It's straightforward if you don't care about performance. Optimizing the code to perform as well as possible on the target platform is a very deep problem.
1) You're looking at native code performance. You'll be lucky to average 50% of that with translated code, and that's assuming some good generous properties of the code and emulator. The binary translator simply doesn't have access to the same level of structure and information that the compiler would have and it pays for it, especially when the original code was for an arch with twice as many registers. It also pays for having to manage some branch targets that aren't known statically.

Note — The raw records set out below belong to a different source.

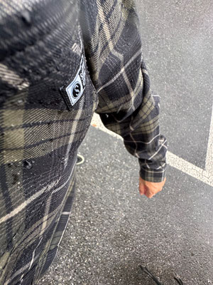 ミッドウエイトツイルの高機能フランネルは、今日のような雨も撥水加工でヘッチャラ全て弾きます!
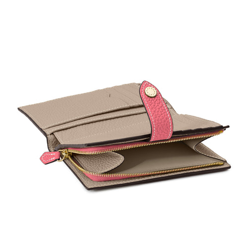 - กระเป๋าสตางค์พับสองทบพร้อมเข็มขัดรัดทำจากหนังหดที่ดีที่สุดของยุโรป
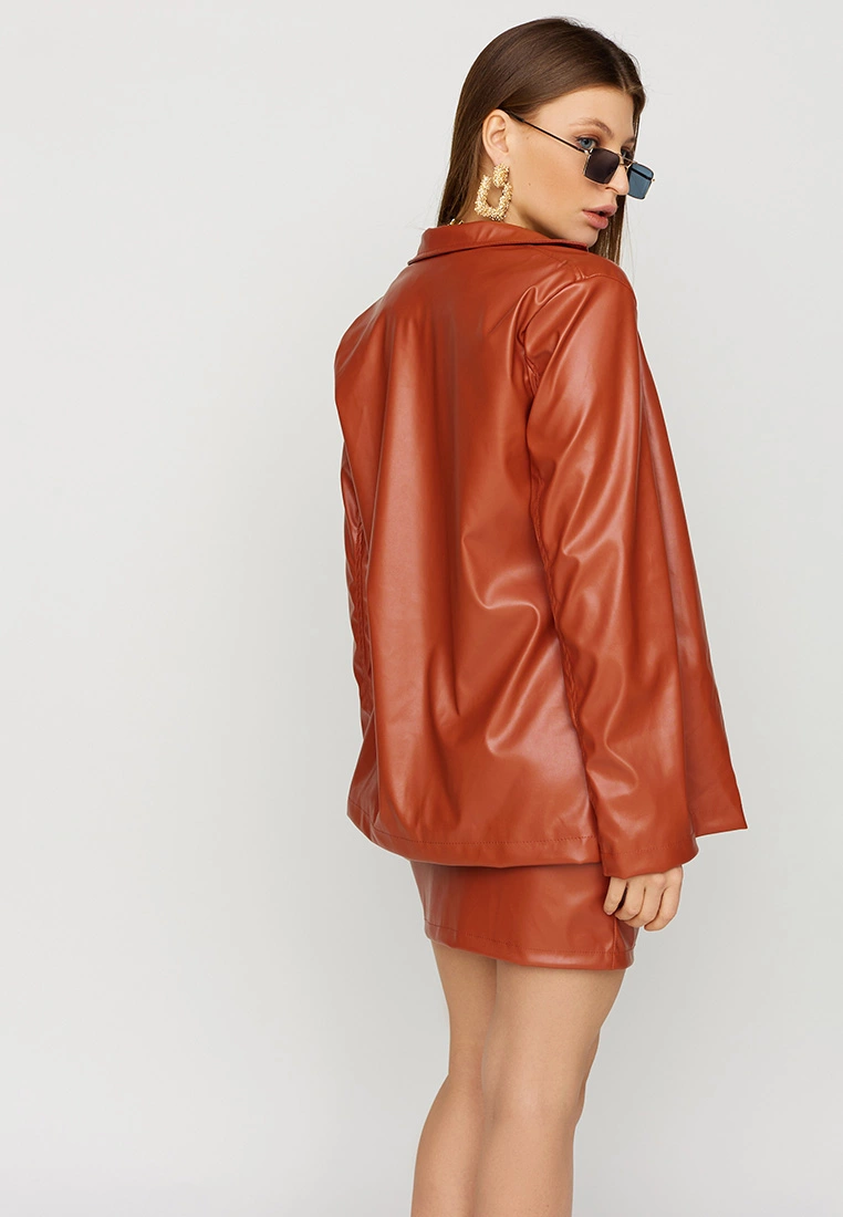 Платье футляр мини длины из эластичной эко-кожи; декоративная отстрочка по переду; застежка: потайная молния в боковом шве.
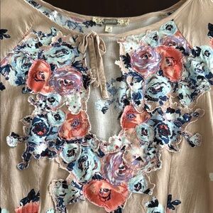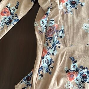 Elegant floral top in a soft beige hue, perfect for any occasion. Features a beautiful floral pattern for a stylish look.

Microsoft wrote the compiler that generated the X360 opcodes, they are probably the best at generating something AST alike from the opcodes and generating an optimized binary for a new target platform. That's what driver do with shader byte-code (which is optimized nowadays for a totally different "imaginary" processor). That's also what .Net does with the bytecode. That's what NVidia's "Denver" does also. That's why I'd call it 'state of the art' in the high end software compiler business.
I agree that some information is missing, but at the same time, that information would be of not that much help, because the data is layout already with that information in mind e.g. alignment, padding of members in structs, endianess etc.

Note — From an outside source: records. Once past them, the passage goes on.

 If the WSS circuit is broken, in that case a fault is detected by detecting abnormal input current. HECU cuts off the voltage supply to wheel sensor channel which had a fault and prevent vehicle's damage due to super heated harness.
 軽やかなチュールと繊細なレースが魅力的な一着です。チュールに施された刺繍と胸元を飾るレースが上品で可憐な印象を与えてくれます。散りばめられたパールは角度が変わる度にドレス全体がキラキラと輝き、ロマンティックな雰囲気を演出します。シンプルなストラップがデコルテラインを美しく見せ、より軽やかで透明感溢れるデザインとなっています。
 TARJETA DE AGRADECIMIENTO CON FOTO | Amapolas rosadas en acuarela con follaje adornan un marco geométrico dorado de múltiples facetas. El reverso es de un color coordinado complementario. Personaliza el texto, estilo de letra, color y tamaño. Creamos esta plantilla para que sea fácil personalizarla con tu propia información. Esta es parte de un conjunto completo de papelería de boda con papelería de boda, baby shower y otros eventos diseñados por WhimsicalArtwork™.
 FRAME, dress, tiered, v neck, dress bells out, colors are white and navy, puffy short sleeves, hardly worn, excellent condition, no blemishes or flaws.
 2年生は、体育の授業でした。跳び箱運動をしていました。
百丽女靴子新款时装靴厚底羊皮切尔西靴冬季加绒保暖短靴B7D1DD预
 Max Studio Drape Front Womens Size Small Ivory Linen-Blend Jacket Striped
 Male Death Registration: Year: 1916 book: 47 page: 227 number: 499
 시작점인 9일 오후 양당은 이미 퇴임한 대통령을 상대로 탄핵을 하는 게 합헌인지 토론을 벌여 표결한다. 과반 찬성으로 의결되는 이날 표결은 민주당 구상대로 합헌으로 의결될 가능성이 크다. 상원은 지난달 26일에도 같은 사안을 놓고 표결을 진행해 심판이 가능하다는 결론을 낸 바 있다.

2) That performance comparison was probably done using GCC, vs what production code would have used, which was IBM's compiler which got more mature in time.
if you're referring to the PPU vs x86 benchmarks, your assumptions are not correct.
e.g.
http://web.archive.org/web/20100531...kpatrol.ca/2006/11/playstation-3-performance/
(that's not the comparison I recall, just random 1min of google)

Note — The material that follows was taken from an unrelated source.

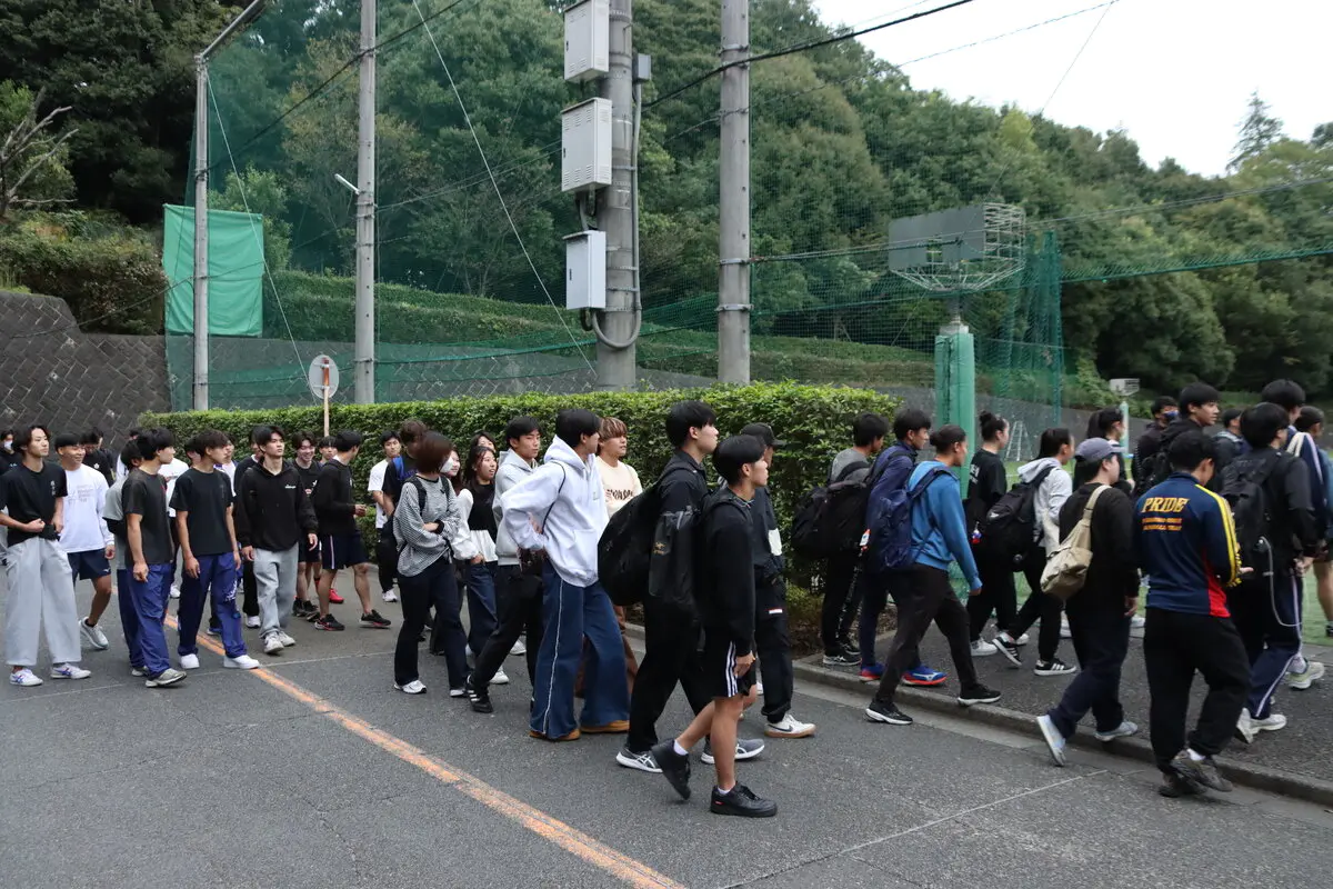 学生は個々人および集団行動時の安全確保を遵守しながら移動し、避難ルートの確認を行いながらラグビー・アメリカンフットボール場へ避難しました。

you have now the exact same situation, microsoft VC++ vs Microsoft VC++, I'd doubt the X360 compiler would be more advanced than the optimizers they use for the transcoders now.
3) The common 2x1.6GHz claim is very misleading, first of all you get full access to the CPU if only one thread is running. Second, it's like SMT - there's some contention but it's not nearly like halving performance, that would defeat the point.
there are several things to consider
a) it's an in-order CPU, on OoO both threads can try to fill units of the CPU if some memory fetches are stalling, while on an In-Order design a fetch will completely stall that one pipeline. Running Both pipelines will cause a better occupation on instruction side, but per SMT-thread it will cause more contention and friction e.g. on L1D side, which is actually critical for the stalls.
b) if a game does not utilize 6threads, it's likely there was no need to do so, thus I'd mightily assume it's not a critical code path. if it was critical, then it's likely spread to more cores for more throughput overall, but less throughput per core. That favors the real cores of XBOne
I have no hard numbers to back my assumption, tho.
Nonetheless, the performance per thread is nowhere close to 100% what it is when only one thread is running so there's definitely some reprieve for code that heavily multithreads the cores. BUT this is assuming that they don't rely on a high degree of synchronization for performance or correctness, one that the emulator would probably not be able to provide while running the threads on separate cores (and if they have to constantly switch threads on the same core to get the same effect performance will tank). That's kind of the thing here, with so few games supported right now we don't know what kind of potential compatibility it has.
I agree. and yes, I'm wildly guessing here. I don't claim it's the way I say, just from my experience it's what I'd assume most likely. MS is a great [edit: not OS, I meant:] COMPILER company and software emulating opcodes on runtimes or even 1:1 translation wouldn't sound to me as good performing as a transcoded binary.
But the other side of this is that games don't have to be using 100% CPU time on XB360 and many probably remain GPU limited or even frame time limited (especially the XBLA games) despite the CPU being so weak.
makes me curious to see some more recent games that made the XB360 sweat
Is there something?
Heavily optimized Altivec code will indeed be hard to deal with especially because it has so many registers. You're going to get inner loops that routinely blow the 16 XMM register budget. The emulator will probably have to heavily access registers in RAM to make up for this.
which again makes it more likely to go the complex way of parsing the opcodes into an AST and run all the VC backend for x86. It's not just register renaming and instruction translation, quite some code would be done in a different way (e.g. some load, modify, store on XB360 could end up in one instruction like "inc memory")
But there's been tons of presentation material on optimizing XB360 and PS3 CPU code that go far beyond just using well scheduled Altivec, so it's pretty safe to say that a lot of major games were heavily optimized throughout and would do a lot better than the vanilla C++ comparison you gave.
I agrre. That's what I wanted to point out also. there will be some 10% of code for e.g. physics, AI, etc. that are really critical and are heavily optimized and used in time critical cases. So in those moment (e.g. combat) not only there is way more pressure, but the code is also harder to translate. This might explain why in non-critical cases (e.g. maybe cutscene) the emulated version might run way better, while (as some claim) it action moments the FPS drops to 10fps. (again, my wild guess
)
makes me wonder whether MS might have a farm of programmers profilling critical code bits and re-writing those to x86 (at least c/c++ code with SSE intrinsics) and we'll get patches further improving game performance by some 2x, 3x, 4x scale in those low-fps situations.